Hello,
I'm trying to build a tagger/classifier that can look at a paragraph of a novel and, from contextual clues, take a good guess at who said it.
I have a good idea of what features to pay attention to, but I'm not sure which method to use once I have them. I like some of the features of a Brill Tagger, Naive Bayes, etc. I was hoping someone could suggest the best way forward. Here's an example:
[1] Mike smiled. "I don't think we should do that."
[2] "If we don't, we're finished," Alicia said.
[3] "So you claim."
[4] "Wait a second," John interrupted. "Alicia, who told you that?"

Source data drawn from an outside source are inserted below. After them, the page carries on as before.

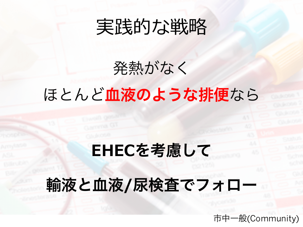 #48. 実践的な戦略 発熱がなく ほとんど血液のような排便なら EHECを考慮して 輸液と血液/尿検査でフォロー 市中一般(Community)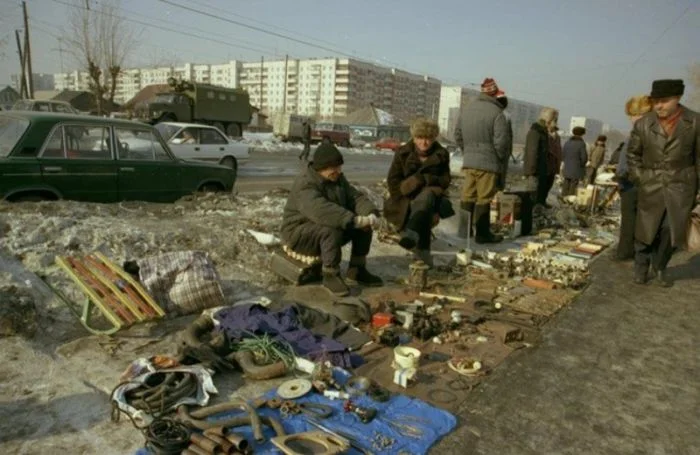 Таксисты у Курского вокзала. Москва, 1992 год.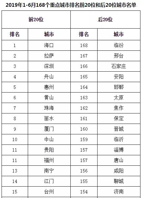 2019年1-6月,168個(gè)重點(diǎn)城市中臨汾、邢臺(tái)、石家莊市等20個(gè)城市空氣質(zhì)量相對(duì)較差(從第168名到第149名);海口、拉薩、深圳市等20個(gè)城市空氣質(zhì)量相對(duì)較好(從第1名到第20名,見(jiàn)附表2)。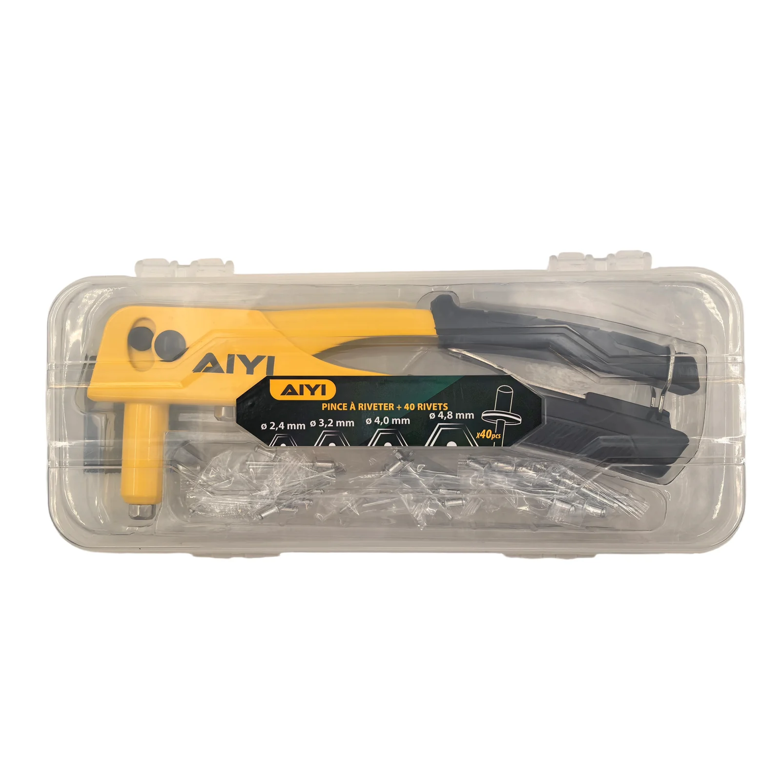 This tool is equipped with four interchangeable nosepieces to accommodate multiple rivet sizes. For convenience, it comes with a set of 40 rivets (10 pieces of each size: 2.4mm, 3.2mm, 4.0mm, and 4.8mm), making it ready for use right out of the box.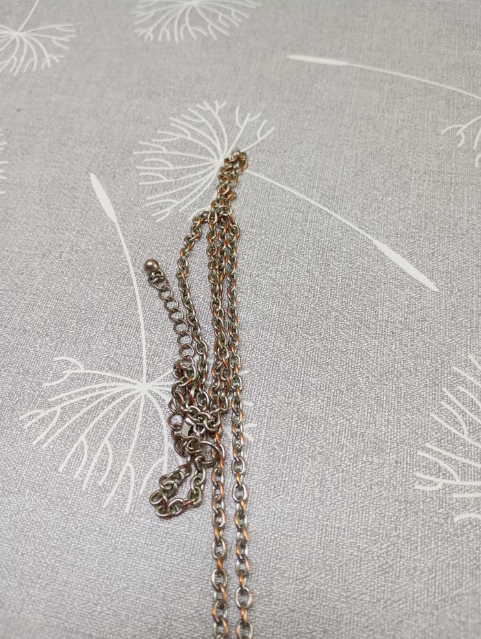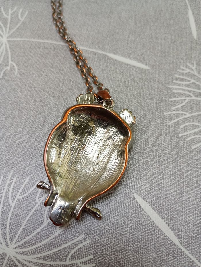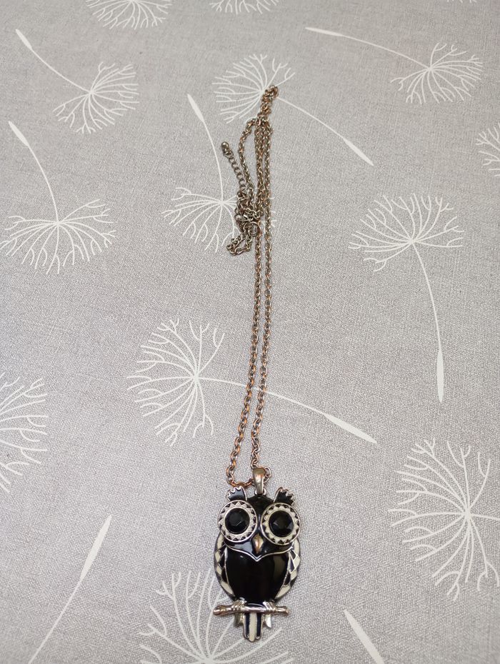 Long collier avec un hibou noir et blanc. Longueur : 48 cm. Hibou : 5,5 cm. Très bon état.

[5] "Don't worry about it," she said.
My basic plan is to look at the most telling features, and in their absence, rely on some induction to make guesses. So here, the tagger would be extremely confident about lines [2] and [4], because there are names (Alicia, John) attached directly to them. It would be similarly confident about [1], because Mike's name appears in the sentence directly preceding it. For [3], I'd like it to say, 'Okay, no clues here, let's assume that this is a back-and-forth, and therefore it's Mike speaking again, since Alicia just took her turn." [5] doesn't have a name attached to it, but Alicia is called out specifically in [4], so there could be a feature coding for that. If John hadn't called out Alicia, maybe it could note the gender of the pronoun and take a guess based on that.

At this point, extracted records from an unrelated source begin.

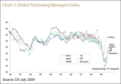 Equally Purchasing Managers Indices give a good idea not only of future economic activity – hence their strong predictive power of industrial production – but of why economies tend to recover from slumps. Managers are asked whether monthly conditions are getting better or getting worse. If conditions are no longer getting any worse, then by definition they get better. This is why PMIs tend to revert to equilibrium levels. For most Purchasing Managers business conditions won’t get any worse than December 2008 and it will not be long before the majority are experiencing less bad (i.e. better) conditions. Global PMI’s are moving back towards equilibrium (Chart 2). This means economic expansion and the end of recession. Most major economies will return to growth in the second half of 2009. This recession is ending like all of the others, in a recovery that is suspiciously “V”-shaped.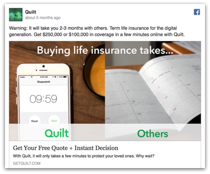 Quilt initially started out as a service that provided insurance fast. This ad, which shows a smartphone with the stopwatch open in one panel, and a calendar in the other, is a brilliant execution of the 'fast' benefit. In the right panel, the stopwatch app represents that it only takes 10 minutes to get insurance coverage with Quilt, whereas with other services, it could take up to months. This ad is simple, clean, and effective. All they’ve used are two stock photos and some text.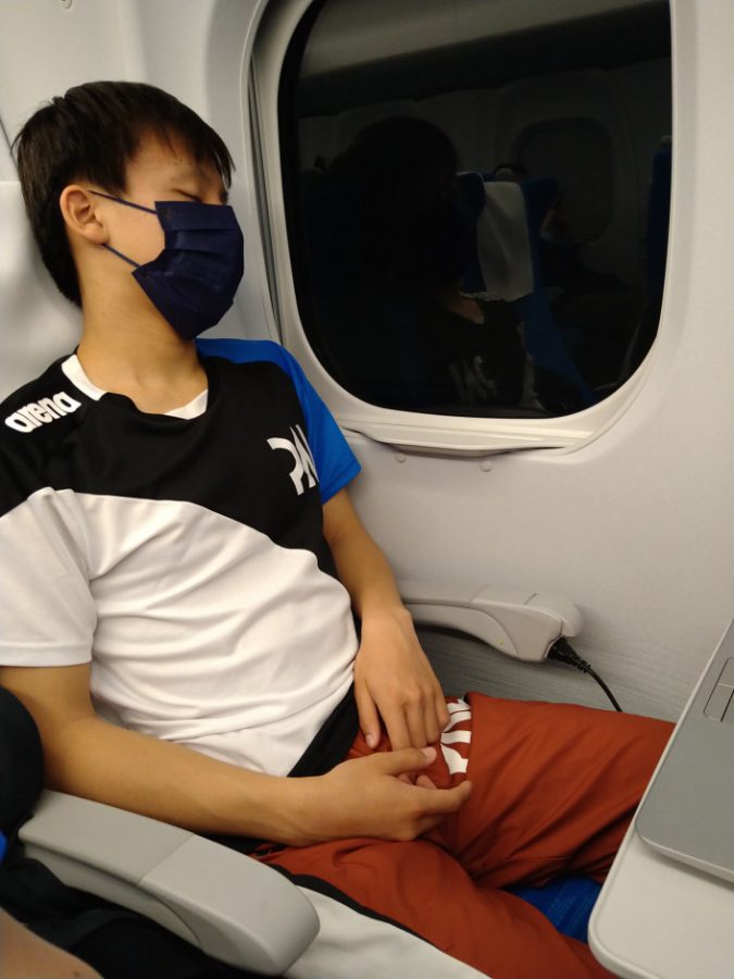 無事に東京辰巳国際水泳場へ辿り着き、アップ開始時間までスタンドで休憩中。

I would use a classifier, but there are any arbitrary number of possible speakers, and really the tags we want are going to be PREVIOUS-SPEAKER, TWO-SPEAKERS-BACK, NEAREST-PROPER-NOUN, etc. But salted in there will be some explicitly tagged speakers. So I suspect that a Brill tagger or a Naive Bayes will not be able to generalize properly with such a large/sparse set of tags. Chapter 6 of the NLTK book mentions open-class classification once, but promptly drops the subject. Could be promising?
That's about as far as I've gotten -- I'm struggling to wrap my head around this! Thanks for any advice.
-erik